サブスクリプション(subscription)略:サブスク
商品やサービスを「定額制」で利用でき、好きなときに解約できる。
商品を「所有する」のではなく、一定期間「利用する」ビジネスモデル。
ソフトウェア使用料、電子書籍の読み放題サービス、音楽配信・動画配信サービス等の支払い方法としても導入されている。
従来の定額制やリースと比べると、利用期間内にサービスもバージョンアップされていくのが特徴的。
サブスクと聞くと、サービスへの気軽さからいつでも解約出来るという認識を持たせやすいため、利用者のサービス加入への障壁は低くなります。
従来のゴルフ場にも存在していた『複数のゴルフ場で利用出来るゴルフ会員権』として売り出すのではなく、『ゴルフ サブスクリプション』と言う打ち出し方をしたことで、「これからゴルフを始めてみよう」、「ゴルフをプレーしてみたい」と言う潜在ニーズへ届き、ゴルフ場でのプレーの間口を広げていく可能性は大いにあると思われます。
今回のサービスを深掘りして考える
それでは商品の対価である年会費59,800円について深堀していきましょう。

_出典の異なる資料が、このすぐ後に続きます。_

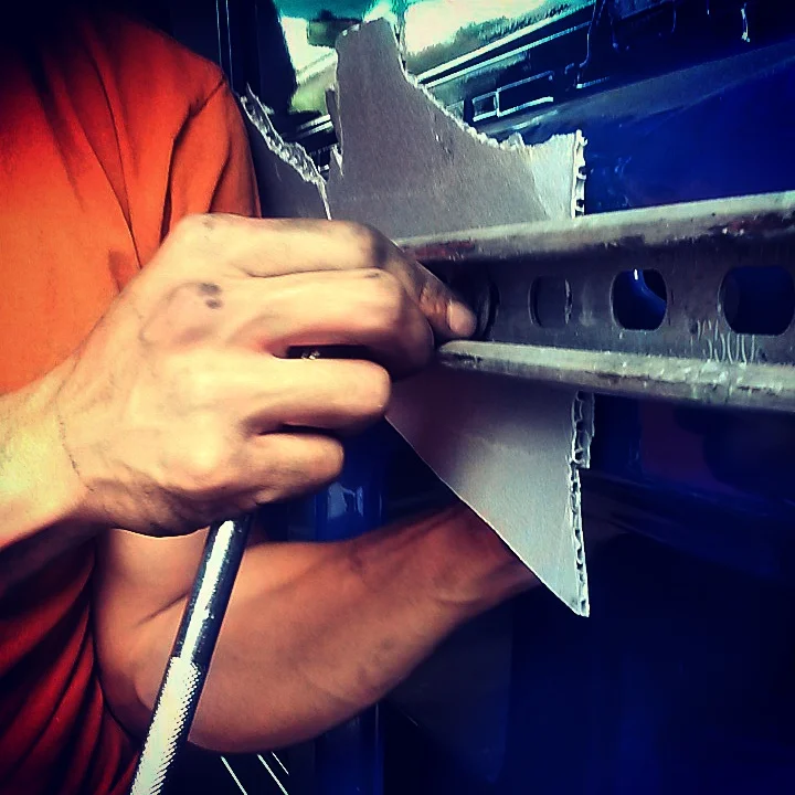 The first steps we took in the van was taking all the old old stuff out of it, and strip it down to it's bare frame. In it's former life, the van was a fleet vehicle for a Philadelphia company called Kint Beverage Concepts, who I believe installs CO2 systems for bars, fountain machines, etc. Unfaded outlines of letters still exist in the paint of the van, and one can make out the website, email, and phone number if seen in the right light.

あなたなら何回ゴルフ場でプレーすれば元がとれると考えますか?
ゴルフに慣れている方であれば、自分のラウンド実績やゴルフ場からもらえるクーポンなどから計算出来るかもしれません。プレー費はゴルフ場によってピンキリですが、関東近郊少し距離が遠めなコースであれば平日1回のラウンドが5,000円~6,000円あたりが相場です。この相場から計算すると、1年間で平日に10回行けるか?が1つの目安になるでしょう。
仮に行けるとすると、次はゴルフ場への予約が気軽にできるかがカギになるでしょう。2022年1月現在では14コースと対象ゴルフ場はまだ少ないため、会員の増加と予約枠のバランスによっては、サブスクと謳っていても予約が取りづらくなってしまいます。そうなると利用者としてメリットを感じにくいかもしれません。
利用できるコースが広がらないことには予約枠も増えていきません。サブスク利用者の拡大につれて予約しにくさも高まってしまうため、利用者のメリットを損なわない=ある程度プレーを希望するタイミングで予約を提供できるかは利用者満足度の視点では大事なポイントになりそうです。
TeeRexのターゲットは1つではない?
クライアントのマーケティングと日々向き合う我々としては、この魅力的なサブスクサービスの将来性や可能性を考えてみたいところです。
- このサービスは誰向けなのか?
- ターゲットにサービスは認知されているのか?
という、ターゲティングとリーチの問題です。
一見、初心者向けかもしれませんが、ある程度プレー経験を積むと、新たなコースやトーナメントを開催するような有名なコースでプレーしたくなるというのがゴルファーです。こうしたゴルファーの特色を考慮したターゲット/サービス戦略をとることができるかもしれません。
例えば、
TeeRex Advance
少し金額を高めに設定し格式高いゴルフ場でプレーができるプラン
TeeRex School
コースレッスンなどを加えて少しでも早く確実に上達するプラン
のような展開は大いに考えられるでしょう。このサービスのターゲットがゴルファーとしてどういった成長を経ていくのかを合わせて考えるとサービスの拡大含め伸びしろがありそうです。
ゴルフの初心者は、誰かに誘われない限りゴルフ場には訪れにくいため、今後どのように初心者を集めるのかといった点は考える余地がありそうです。
※ゴルフのターゲティングの話は、こちらの記事でもお伝えしている通りです。(ゴル女を増やすマーケティング的思考)
また、逆の立場、コース側の立場でも考えてみる必要があります。コース側の立場からすれば、TeeRexに参加することで、ゴルフ場への集客経路の1つが確保でき、既存の集客を脅かす存在になるのかという点が大きなポイントです。ゴルフ場の予約枠には上限がありますので、拡大を感じることができればTeeRex予約枠の拡大に繋がるでしょう。
ユーザーの拡大とゴルフ場の拡大。両輪がうまく回ることがTeeRexの広がりのカギになりそうです。
TeeRexというゴルフのサブスクを通じて、既存の1人で予約が出来るサイトや、ゴルフ好きが集まるコミュニティ以上の魅力をTeeRexが発信していけるのか?は今後の課題になっていくかもしれません。
まとめ
Golf Round Subscription TeeRexは、今後のゴルフ人口を増やす1つのきっかけとなるでしょう。
今後、他のゴルフサービスとの連携や、追随してくるサービスが生まれるかが、ゴルフサブスクリプションのビジネスとしての損益分岐点を見定める1つの指標になりそうです。
一人のゴルフ好きとして、ゴルフ業界の活性化に向けて、引き続き楽しみに見守っていきたいですね。